• **Problem requirements**:
Starting at the line below with "Vatandaşlar ve sağlık" and stopping at the line with "但為了能抓住抖音這個紅利,我", please print each line exactly, those two included, and skip every picture.

• **Records shown**:
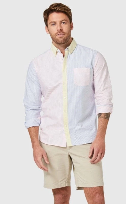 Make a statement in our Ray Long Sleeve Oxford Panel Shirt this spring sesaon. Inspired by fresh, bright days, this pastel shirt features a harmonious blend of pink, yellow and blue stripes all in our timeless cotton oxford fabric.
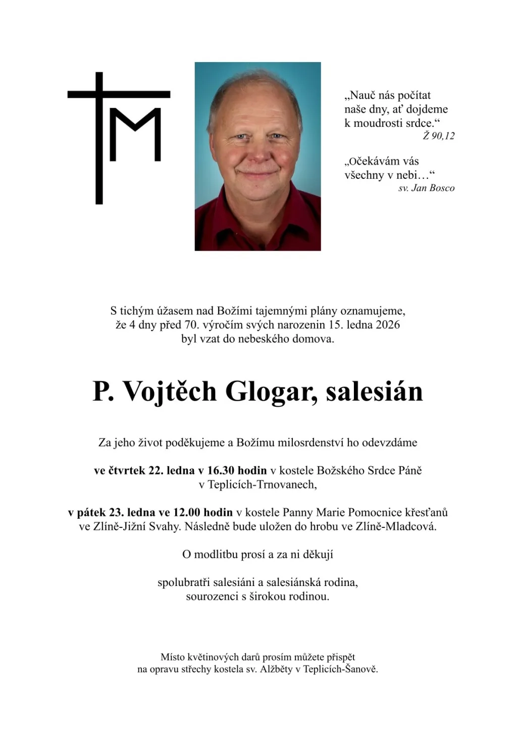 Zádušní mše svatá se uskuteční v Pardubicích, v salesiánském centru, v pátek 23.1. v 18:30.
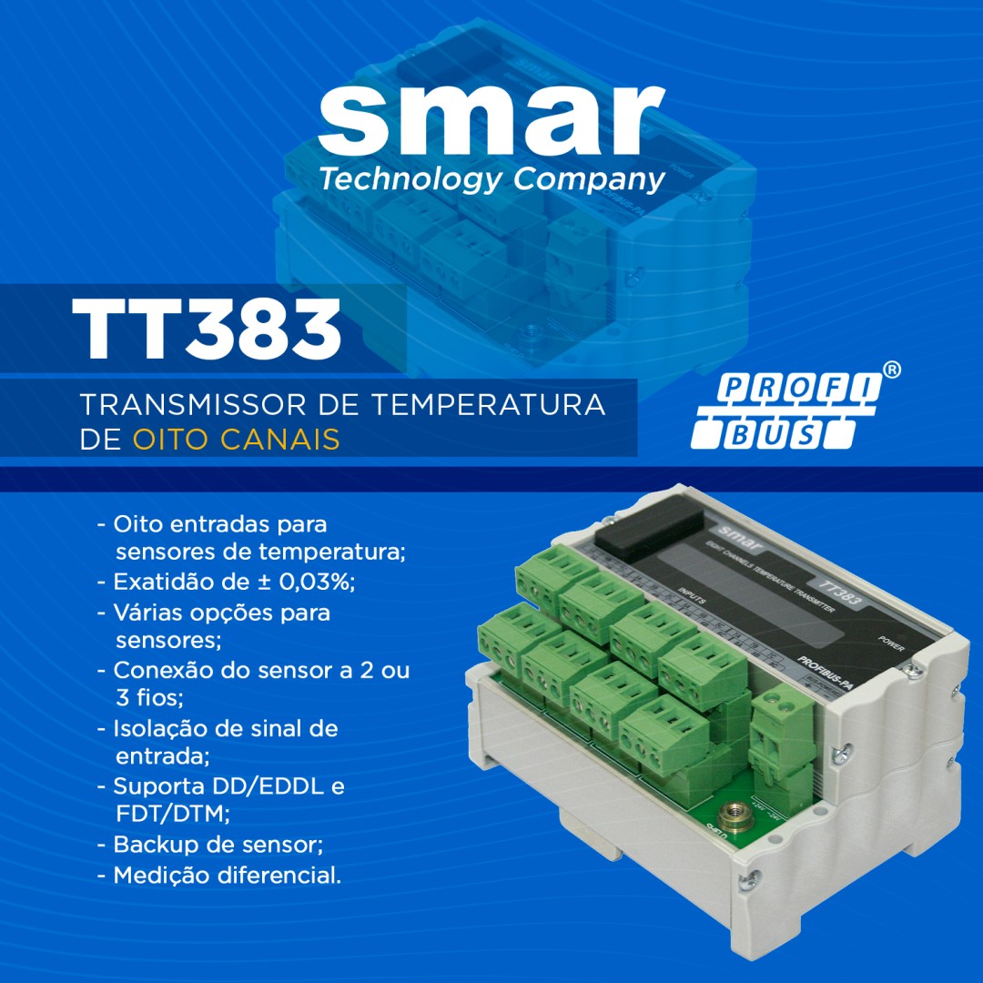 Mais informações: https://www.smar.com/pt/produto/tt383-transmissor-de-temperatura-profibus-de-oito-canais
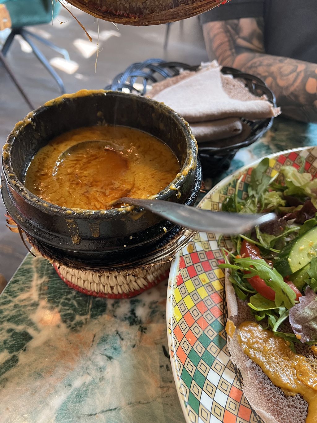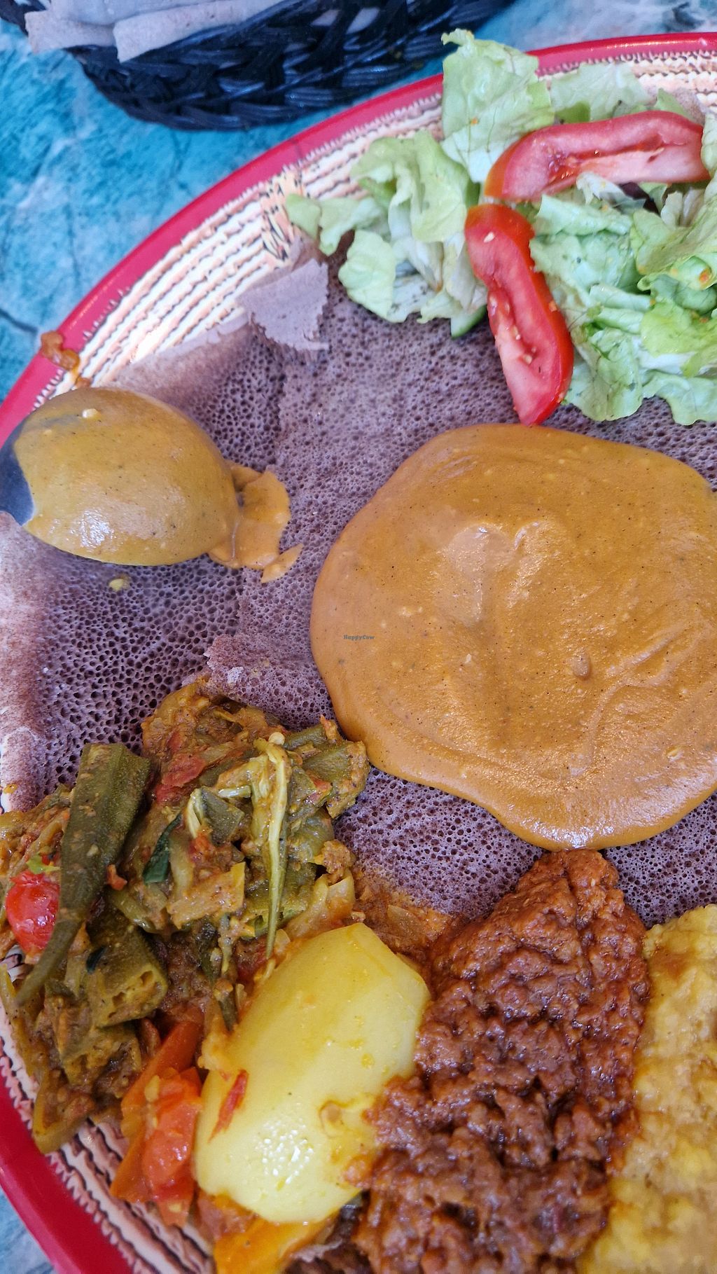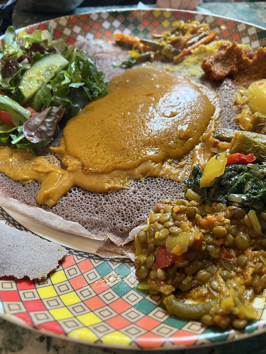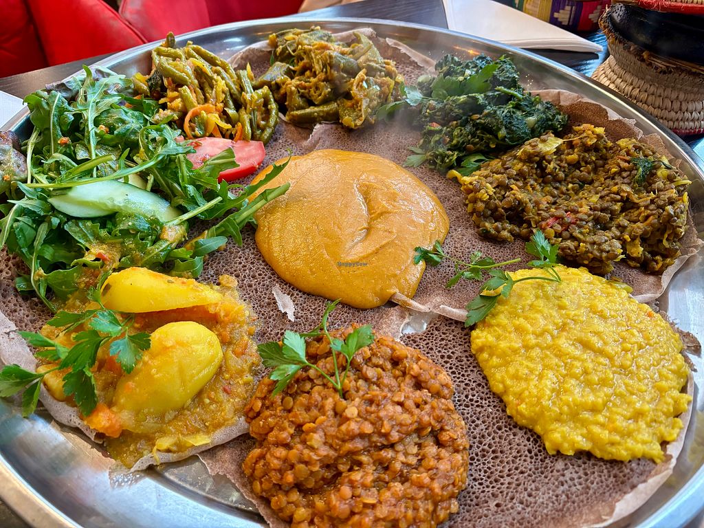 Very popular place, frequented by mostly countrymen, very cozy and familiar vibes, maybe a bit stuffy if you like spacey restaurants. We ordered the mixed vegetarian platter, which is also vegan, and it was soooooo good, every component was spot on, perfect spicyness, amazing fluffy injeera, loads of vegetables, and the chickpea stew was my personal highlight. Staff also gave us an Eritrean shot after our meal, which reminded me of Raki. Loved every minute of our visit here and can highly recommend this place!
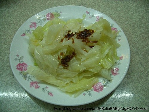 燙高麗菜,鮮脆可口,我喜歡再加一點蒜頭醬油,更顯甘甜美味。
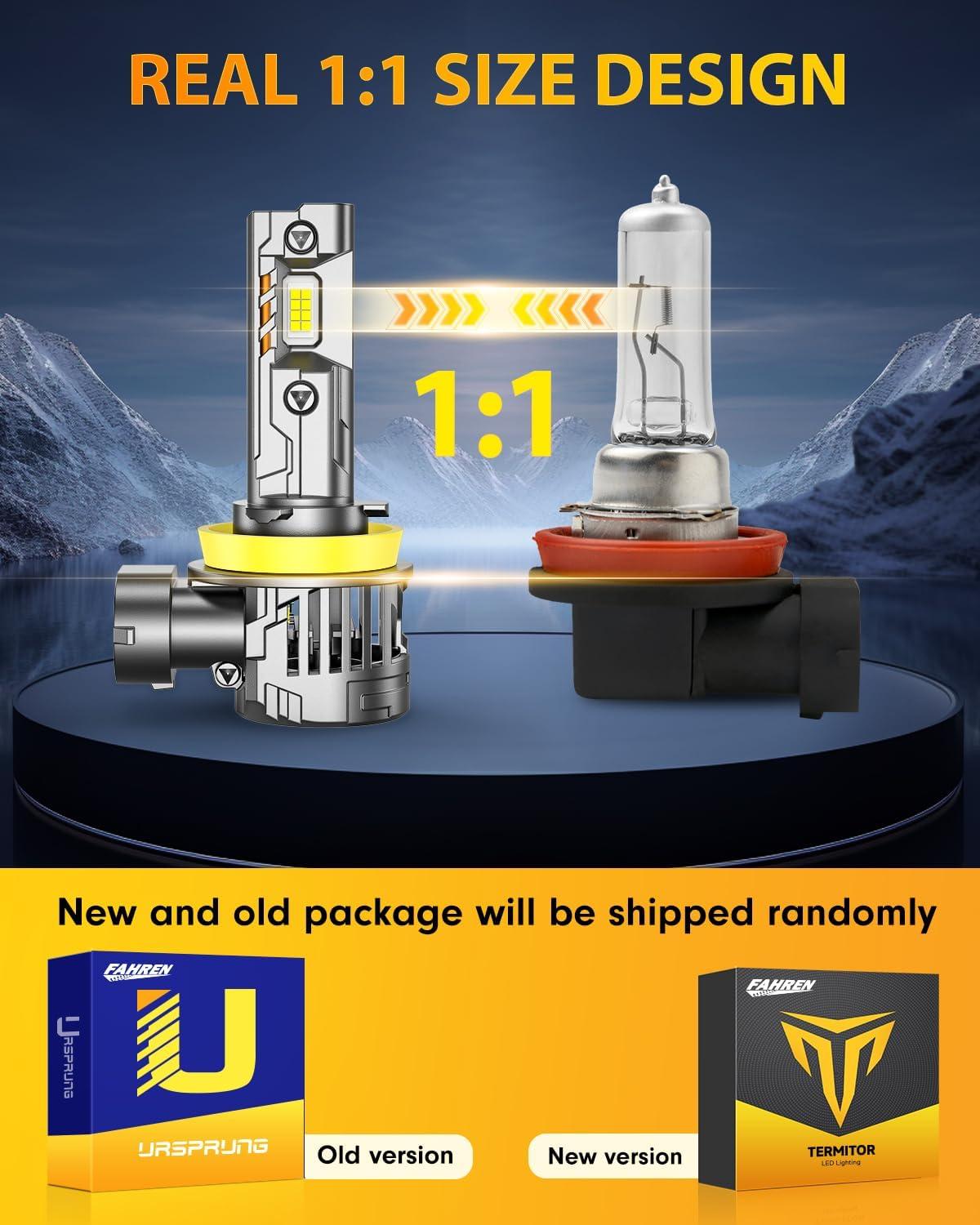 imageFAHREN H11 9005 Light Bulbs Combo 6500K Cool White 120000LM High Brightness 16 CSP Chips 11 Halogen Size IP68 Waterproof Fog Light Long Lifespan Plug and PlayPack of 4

...

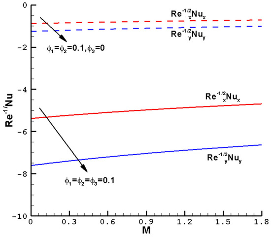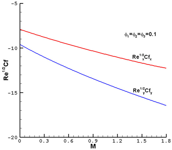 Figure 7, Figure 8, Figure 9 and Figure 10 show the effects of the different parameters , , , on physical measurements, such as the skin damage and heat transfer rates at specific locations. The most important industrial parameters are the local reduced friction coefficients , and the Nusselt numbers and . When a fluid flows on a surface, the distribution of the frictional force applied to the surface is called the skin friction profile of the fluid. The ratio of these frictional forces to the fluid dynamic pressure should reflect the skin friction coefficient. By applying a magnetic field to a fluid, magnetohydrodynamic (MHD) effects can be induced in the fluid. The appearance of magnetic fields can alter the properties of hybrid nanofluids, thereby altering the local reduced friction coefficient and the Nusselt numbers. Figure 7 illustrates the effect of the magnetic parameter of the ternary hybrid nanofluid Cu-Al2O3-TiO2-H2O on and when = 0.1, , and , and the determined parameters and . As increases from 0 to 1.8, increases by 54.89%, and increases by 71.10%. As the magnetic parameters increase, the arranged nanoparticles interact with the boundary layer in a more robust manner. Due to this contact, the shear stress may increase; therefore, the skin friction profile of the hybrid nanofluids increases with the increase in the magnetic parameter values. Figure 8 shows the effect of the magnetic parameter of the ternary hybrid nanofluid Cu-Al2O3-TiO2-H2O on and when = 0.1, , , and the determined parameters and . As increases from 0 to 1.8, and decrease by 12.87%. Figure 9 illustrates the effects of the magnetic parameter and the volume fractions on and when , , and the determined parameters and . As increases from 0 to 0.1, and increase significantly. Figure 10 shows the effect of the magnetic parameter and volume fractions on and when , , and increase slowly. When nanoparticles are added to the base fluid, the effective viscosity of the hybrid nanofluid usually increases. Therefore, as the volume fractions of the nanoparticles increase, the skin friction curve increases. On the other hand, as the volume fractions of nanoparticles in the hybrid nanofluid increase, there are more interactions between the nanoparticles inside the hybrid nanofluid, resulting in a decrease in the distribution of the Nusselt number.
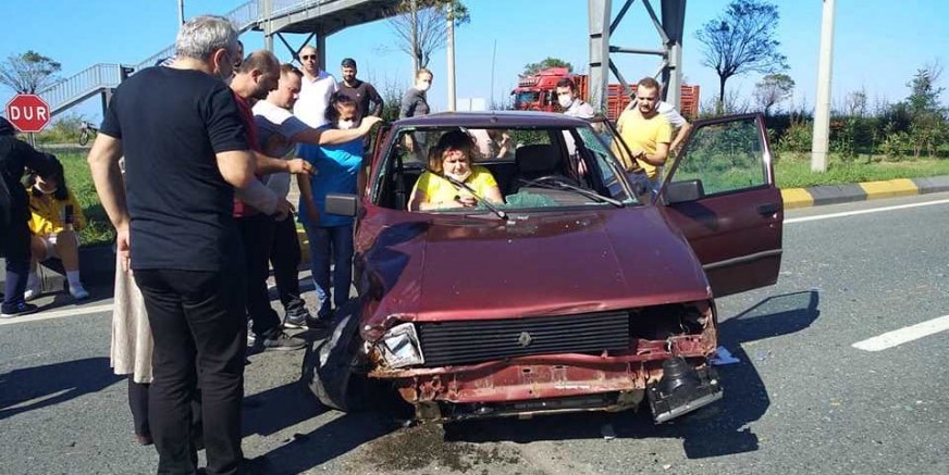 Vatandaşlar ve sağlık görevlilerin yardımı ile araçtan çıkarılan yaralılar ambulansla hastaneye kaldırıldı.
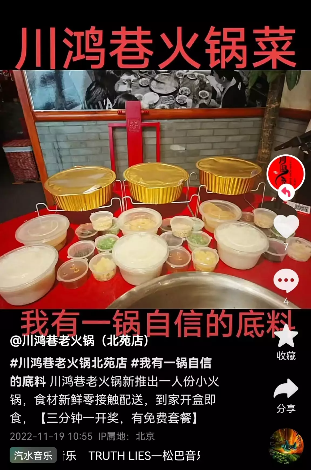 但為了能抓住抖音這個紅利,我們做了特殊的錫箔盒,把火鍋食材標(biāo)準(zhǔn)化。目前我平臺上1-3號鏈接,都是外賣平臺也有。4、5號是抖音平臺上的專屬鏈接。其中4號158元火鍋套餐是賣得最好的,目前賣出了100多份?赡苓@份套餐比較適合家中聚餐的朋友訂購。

==

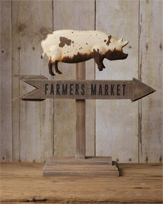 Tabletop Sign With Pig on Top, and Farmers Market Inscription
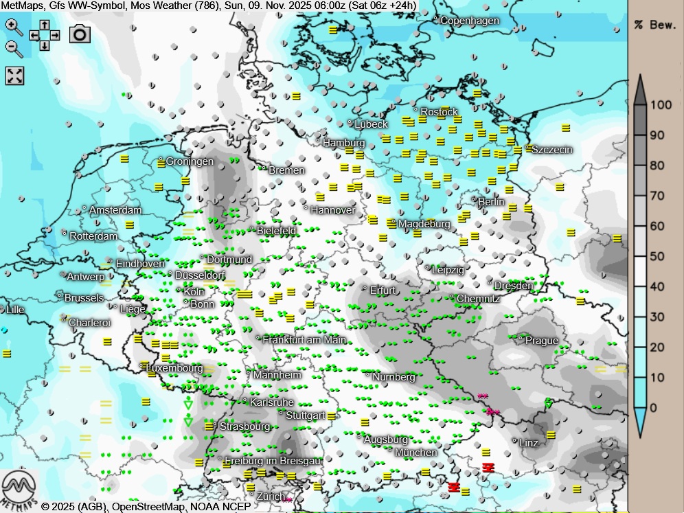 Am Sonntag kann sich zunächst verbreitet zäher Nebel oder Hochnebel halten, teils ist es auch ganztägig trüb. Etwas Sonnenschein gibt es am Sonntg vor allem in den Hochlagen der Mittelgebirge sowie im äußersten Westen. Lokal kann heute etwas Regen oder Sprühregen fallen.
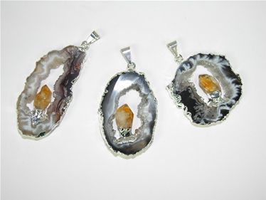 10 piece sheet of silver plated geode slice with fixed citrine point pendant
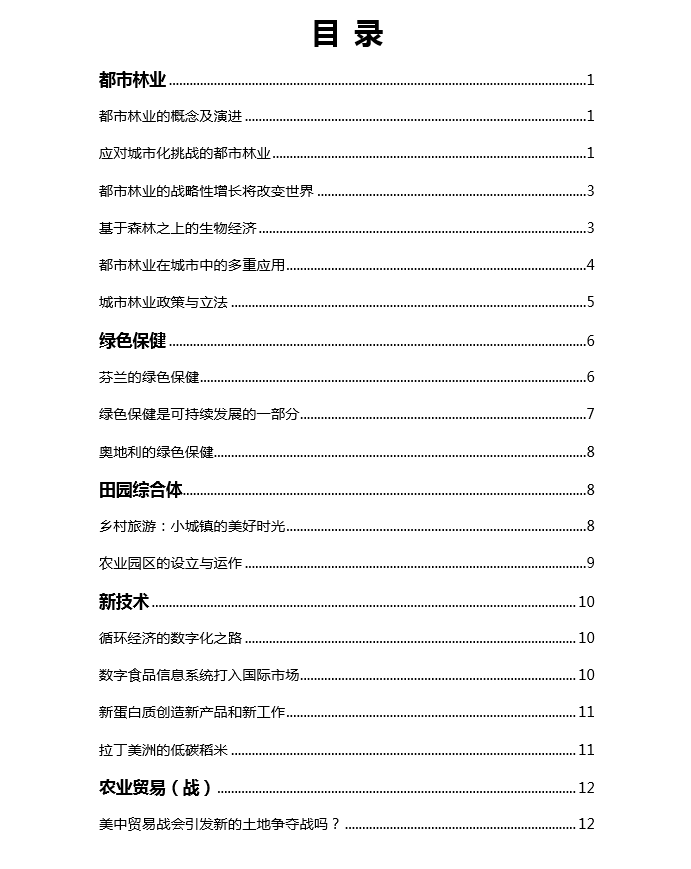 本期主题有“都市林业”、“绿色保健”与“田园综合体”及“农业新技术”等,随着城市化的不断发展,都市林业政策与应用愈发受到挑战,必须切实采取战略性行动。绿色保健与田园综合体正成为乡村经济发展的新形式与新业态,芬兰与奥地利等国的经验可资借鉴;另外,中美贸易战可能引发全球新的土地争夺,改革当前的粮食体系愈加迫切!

• **Solution to the exercise**:
 Vatandaşlar ve sağlık görevlilerin yardımı ile araçtan çıkarılan yaralılar ambulansla hastaneye kaldırıldı.
 但為了能抓住抖音這個紅利,我們做了特殊的錫箔盒,把火鍋食材標(biāo)準(zhǔn)化。目前我平臺上1-3號鏈接,都是外賣平臺也有。4、5號是抖音平臺上的專屬鏈接。其中4號158元火鍋套餐是賣得最好的,目前賣出了100多份?赡苓@份套餐比較適合家中聚餐的朋友訂購。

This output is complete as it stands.